Two dives on the Timber Holes with Carl (Tarzan) and Brandon (Miller Time). 28 Lobster and about 25 or so Lionfish.

Enjoy...

https://www.youtube.com/watch?v=5JpB02QfaLw


----------



## naclh2oDave (Apr 8, 2008)

Very nice. How do you like that Hawaiian sling compared to a mini pole spear? Seems like a pole spear is easily operated by one hand compared to that, which takes two? A couple nice flounder there too, lots of nice fish!


----------



## New2ThaSport (Apr 27, 2011)

Hell yeah I want a lionfish for my tank. Where was this?


----------



## Cajun Spearit (Jun 3, 2011)

naclh2oDave said:


> Very nice. How do you like that Hawaiian sling compared to a mini pole spear? Seems like a pole spear is easily operated by one hand compared to that, which takes two? A couple nice flounder there too, lots of nice fish!


Agreed, but I can't hit anything with a pole spear...I seem to be more acurate with the sling.


----------



## naclh2oDave (Apr 8, 2008)

Cajun Spearit said:


> Agreed, but I can't hit anything with a pole spear...I seem to be more acurate with the sling.

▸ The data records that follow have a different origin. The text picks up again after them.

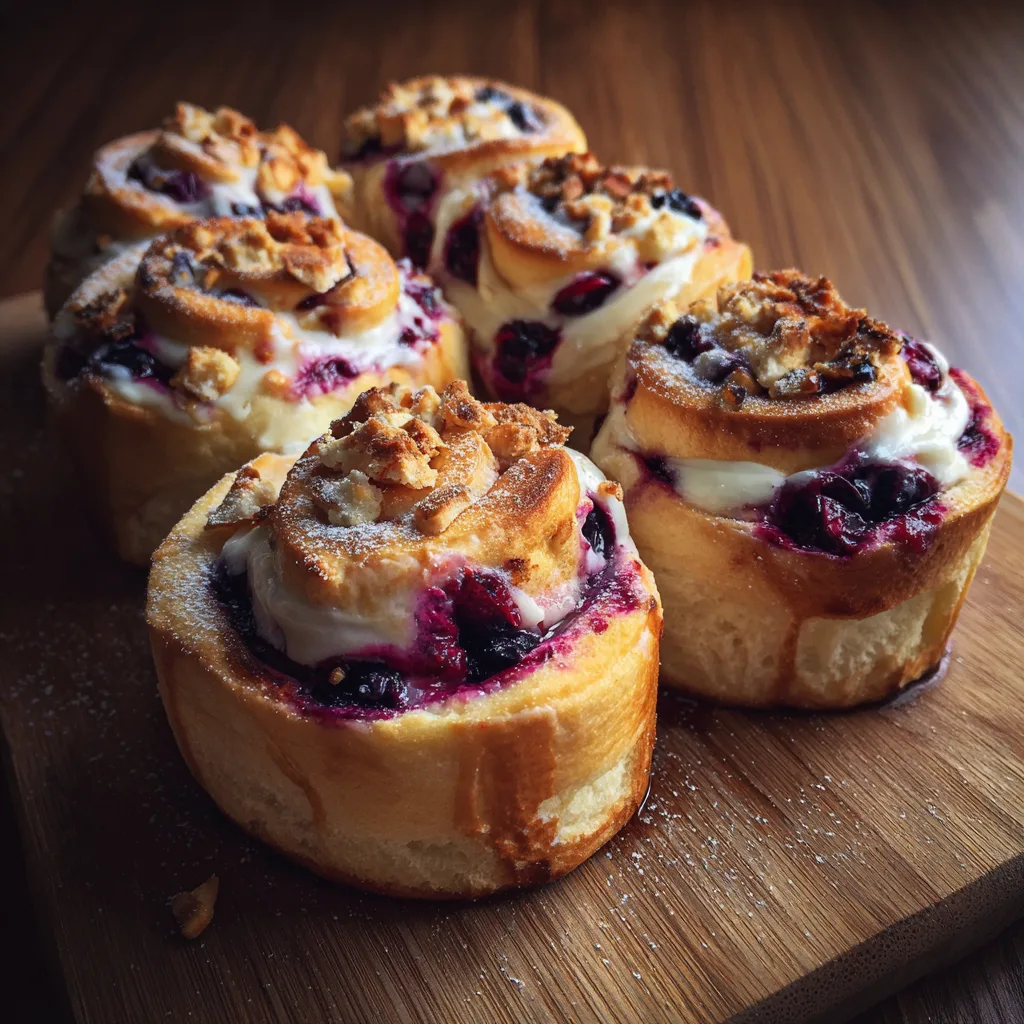 Soft, sweet rolls filled with creamy cheesecake and juicy blueberries, baked until golden and finished with a light glaze for a perfect breakfast or dessert treat.
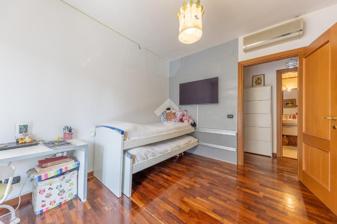 Un disimpegno introduce alla zona notte, composta da camera matrimoniale con bagno en suite finestrato e doccia, seconda camera da letto e secondo bagno con doccia, non finestrato.
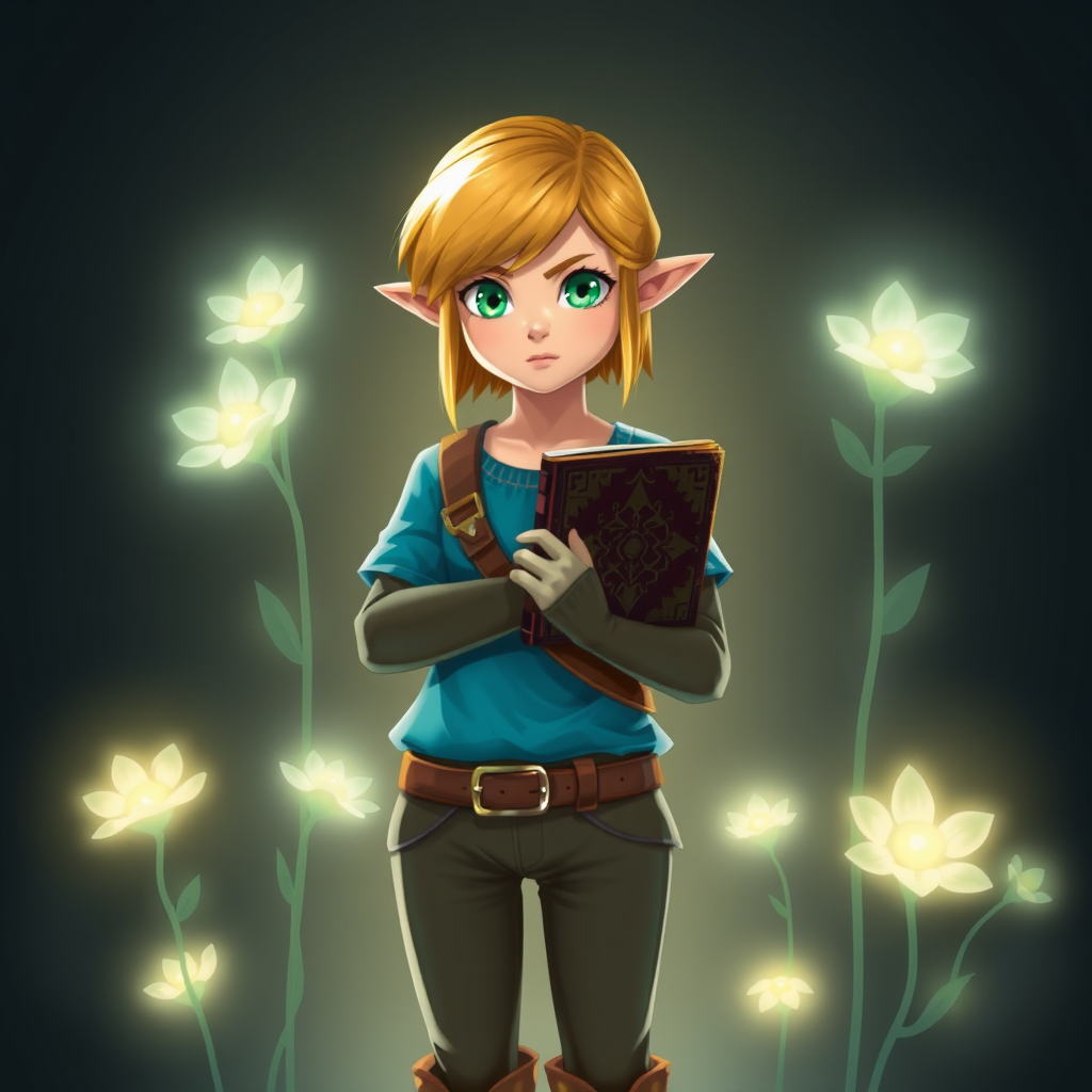 Princess Zelda, depicted as a lone figure, stands in a mystical setting. With her distinctive blonde hair and pointy ears, she embodies a regal presence, enhanced by her expressionless gaze directly meeting the viewer's eyes. She wears a finely detailed blue shirt paired with fitted pants and a practical belt, completing her adventurous ensemble with sturdy boots. Her piercing green eyes suggest wisdom, further emphasized by the ancient book she carefully holds, hinting at her vast knowledge and magical prowess. Around her, ethereal flowers crafted from light glow softly, illuminating her serene posture. The short-cropped hair frames her face, highlighting her iconic look straight from 'The Legend of Zelda: Breath of the Wild' and 'Tears of the Kingdom.' Despite the minimalist background, the focus remains on Zelda and the subtle magic in her presence, capturing her enduring legacy without the distraction of extraneous text or visual errors.
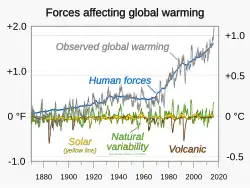 Já em 2001, o Terceiro Relatório de Avaliação do IPCC concluiu que "a alteração combinada na força radiativa dos dois principais factores naturais (variação solar e aerossóis vulcânicos) é estimada como sendo negativa nas últimas duas, e possivelmente nas últimas quatro, décadas".[89] A irradiação solar tem sido medida directamente por satélites,[90] e as medições indirectas estão disponíveis desde o início do século XVII em diante.[51] No entanto, desde 1880, não houve uma tendência ascendente na quantidade de energia do Sol que chega à Terra, em contraste com o aquecimento da baixa atmosfera (a troposfera).[91] Da mesma forma, a actividade vulcânica tem o maior impacto natural (forçante) na temperatura, mas é equivalente a menos de 1% das actuais emissões de CO2 causadas pelo homem.[92] A actividade vulcânica como um todo teve impactos insignificantes nas tendências da temperatura global desde a Revolução Industrial.[93]

I hear ya! You are good with that!


----------



## aquatic argobull (Mar 2, 2009)

Nice hunting. Craving lobster now


----------



## lobsterman (Sep 30, 2007)

A couple of those lion fish looked like hosses.


----------



## Turtlebait (Dec 3, 2008)

Where did you get the blue catch bag? - Ric


----------



## Cajun Spearit (Jun 3, 2011)

Turtlebait said:


> Where did you get the blue catch bag? - Ric


 Dive shop on 98.


----------



## sealark (Sep 27, 2007)

Cajun Spearit said:


> Dive shop on 98.


That would be Dive Pros.


----------



## Sequoiha (Sep 28, 2007)

That was a great video, I have many dives out there, love me some bug hunting, y'all were busy.


----------



## WhackUmStackUm (Jan 31, 2010)

Awesome shooting and lobster grabbing. You guys are machines!


----------



## Jarhead (Jul 3, 2008)

Awsome Video !!!! I gotta get a GoPro.


----------



## coolbluestreak (Jun 27, 2011)

Great job guys! I would think that Carl could load the boat with lionfish, you know, since it doesn't take a real speargun and they don't move very fast.


----------



## afogg (Dec 11, 2011)

Very nice. Some big lions there!


----------